REQUIRED ACTION: Could you output the listing that follows exactly, without its images?

COLLECTED MATERIAL:
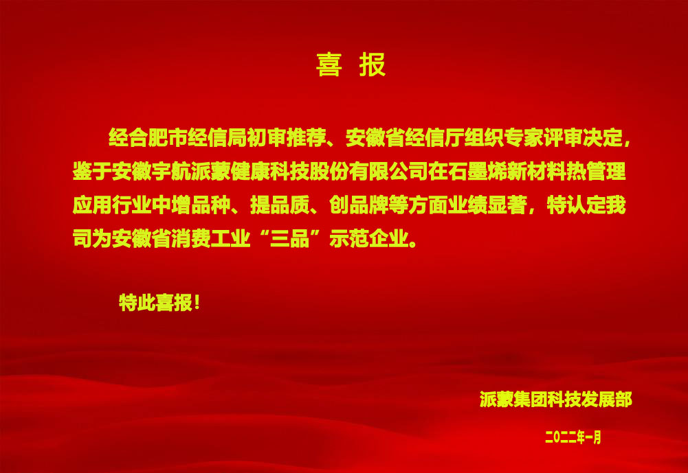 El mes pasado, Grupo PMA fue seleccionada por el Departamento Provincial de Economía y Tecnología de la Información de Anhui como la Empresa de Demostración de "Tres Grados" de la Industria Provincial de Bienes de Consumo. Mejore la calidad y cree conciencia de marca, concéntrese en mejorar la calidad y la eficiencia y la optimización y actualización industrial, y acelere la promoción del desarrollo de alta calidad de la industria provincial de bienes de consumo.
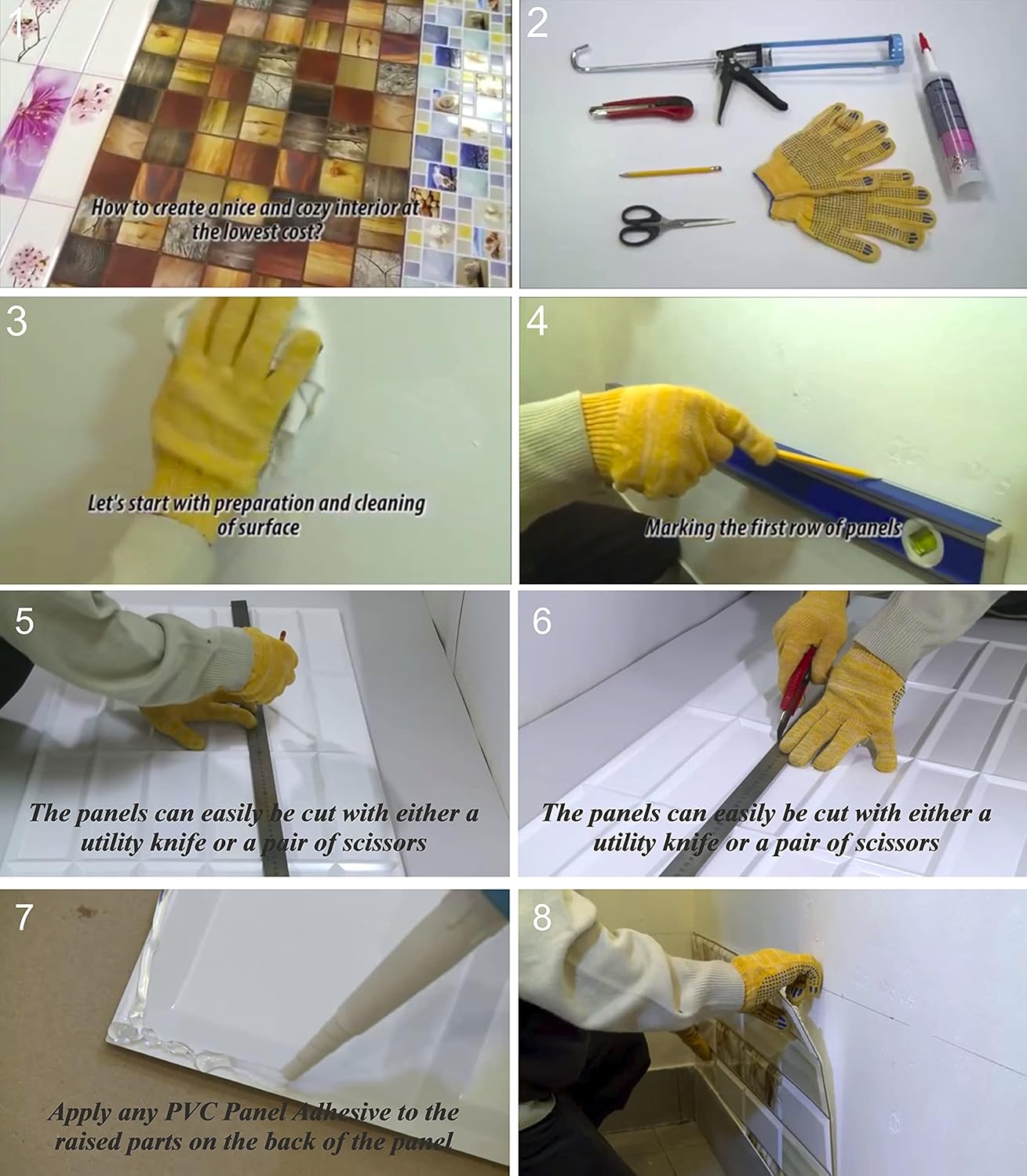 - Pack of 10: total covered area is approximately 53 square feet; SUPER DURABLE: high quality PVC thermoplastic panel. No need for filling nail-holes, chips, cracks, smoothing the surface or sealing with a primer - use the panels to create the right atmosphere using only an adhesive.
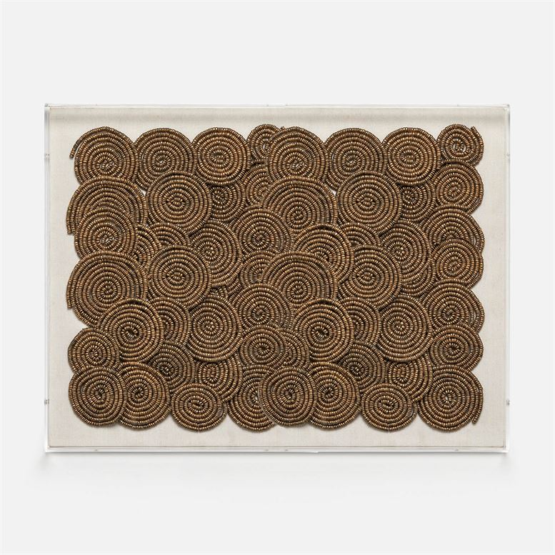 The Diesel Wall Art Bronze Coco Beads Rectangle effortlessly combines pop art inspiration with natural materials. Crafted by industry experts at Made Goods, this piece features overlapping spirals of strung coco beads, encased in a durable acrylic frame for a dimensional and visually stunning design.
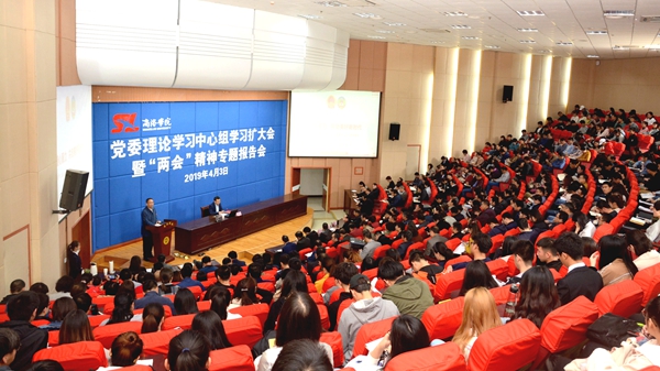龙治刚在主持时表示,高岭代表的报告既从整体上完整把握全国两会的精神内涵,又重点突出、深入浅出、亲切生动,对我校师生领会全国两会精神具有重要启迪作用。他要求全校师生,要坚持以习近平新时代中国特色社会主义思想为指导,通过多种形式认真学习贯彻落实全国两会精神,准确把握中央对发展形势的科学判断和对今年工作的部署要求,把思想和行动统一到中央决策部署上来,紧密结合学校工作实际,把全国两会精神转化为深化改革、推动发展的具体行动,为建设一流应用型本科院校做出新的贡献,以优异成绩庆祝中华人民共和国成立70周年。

SOLUTION TO THE EXERCISE:
 El mes pasado, Grupo PMA fue seleccionada por el Departamento Provincial de Economía y Tecnología de la Información de Anhui como la Empresa de Demostración de "Tres Grados" de la Industria Provincial de Bienes de Consumo. Mejore la calidad y cree conciencia de marca, concéntrese en mejorar la calidad y la eficiencia y la optimización y actualización industrial, y acelere la promoción del desarrollo de alta calidad de la industria provincial de bienes de consumo.
 - Pack of 10: total covered area is approximately 53 square feet; SUPER DURABLE: high quality PVC thermoplastic panel. No need for filling nail-holes, chips, cracks, smoothing the surface or sealing with a primer - use the panels to create the right atmosphere using only an adhesive.
 The Diesel Wall Art Bronze Coco Beads Rectangle effortlessly combines pop art inspiration with natural materials. Crafted by industry experts at Made Goods, this piece features overlapping spirals of strung coco beads, encased in a durable acrylic frame for a dimensional and visually stunning design.
龙治刚在主持时表示,高岭代表的报告既从整体上完整把握全国两会的精神内涵,又重点突出、深入浅出、亲切生动,对我校师生领会全国两会精神具有重要启迪作用。他要求全校师生,要坚持以习近平新时代中国特色社会主义思想为指导,通过多种形式认真学习贯彻落实全国两会精神,准确把握中央对发展形势的科学判断和对今年工作的部署要求,把思想和行动统一到中央决策部署上来,紧密结合学校工作实际,把全国两会精神转化为深化改革、推动发展的具体行动,为建设一流应用型本科院校做出新的贡献,以优异成绩庆祝中华人民共和国成立70周年。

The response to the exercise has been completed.